Eric Kripke confirmed that this season will show the new order established by Homelander in the US at the end of the fourth season of The Boys, with the world "changing rapidly" under Homelander's command and his army of Supes. The season will set up the story of the fifth and final season of The Boys.

===Writing===
The big twist of the season was the revelation that Dean Cipher was a non-supe, named Doug Brightbill, that Thomas Godolkin was controlling. Showrunner Michele Fazekas said that if we look closely [at Cipher] we'd "be able to see it". They wanted to bring in a dean who was Supe, with unknown motivations, and discuss the university's past, which led to the Cipher and Thomas twist. Fazekas was worried that someone could guess the twist prior to the revelation. Ethan Slater said he barely knew about the twist and that it was only revealed to him that it would be "prominent in the last two episodes" and that it would be "kind of the big bad." He says he read the final episodes later and found out about the twist.

===Casting===

The second season features the return of the main cast, with the exception of Chance Perdomo, whose character Andre Anderson was not recast following Perdomo's death in March 2024 in a motorcycle accident. In June 2024, Hamish Linklater was announced in the role of Cipher, the new dean of Godolkin University. On November 1, 2024, Keeya King, Stephen Kalyn, Julia Knope, Stacey McGunnigle, Tait Fletcher, Wyatt Dorion and Georgie Murphy were set to appear in the season.
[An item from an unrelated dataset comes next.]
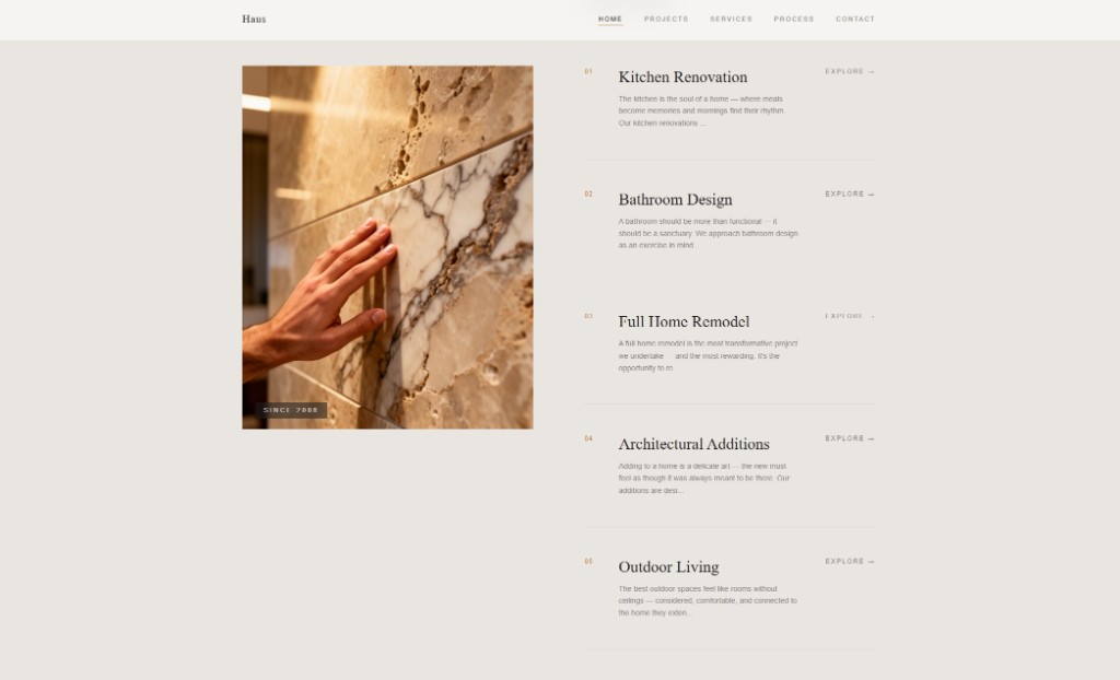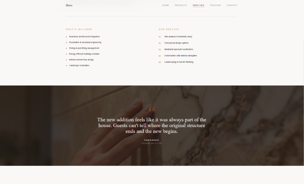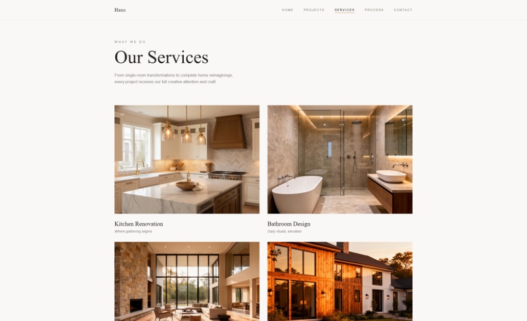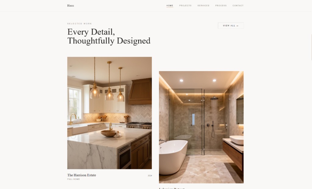 Premium renovation buyers judge studios on visual craft before they read a sentence. Haus needed a site that felt bespoke, handled large imagery and motion without jank, and communicated process and outcomes without diluting the luxury tone.

In July 2025, at San Diego Comic-Con, it was revealed the cast of Ethan Slater as Thomas Godolkin in a recurring role. Chace Crawford, Valorie Curry, Erin Moriarty, Nathan Mitchell, Susan Heyward, Giancarlo Esposito, Olivia Morandin and Jessie T. Usher reprises their The Boys roles as Kevin Moskowitz / The Deep, Misty Tucker Gray / Firecracker, Annie January / Starlight, Black Noir II, Jessica "Sage" Bradley / Sister Sage, Stan Edgar, Zoe Neuman and Reggie Franklin / A-Train respectively.

===Filming===
In late March 2024, it was announced the production of the second season would be put on hold following Perdomo's death. The cast was due to begin table reads that afternoon before filming started in April. Filming of the season officially commenced in May 2024. Filming wrapped on October 31 of the same year.

== Marketing ==
Footage from the season was revealed at San Diego Comic-Con in July 2024. On May 31, 2025, part of the main cast attended CCXP, with a teaser shown and the release dates were revealed. The main cast attended San Diego Comic-Con in July 2025 to promote the season.

== Release ==
The season was released on September 17, 2025, with three new episodes, followed by the rest debuting on a weekly basis until the season finale on October 22, 2025.

== Reception ==

The second season has an 91% approval rating on Rotten Tomatoes based on 94 critic reviews. The website's critics consensus states, "Tastefully navigating the tragic loss of Chance Perdomo while getting a big boost from Hamish Linklater's villainous turn, Gen Vs sophomore season gets high marks as a spinoff that feels essential." On Metacritic, the second season received a score of 74 out of 100 based on 15 critics, indicating "generally favorable".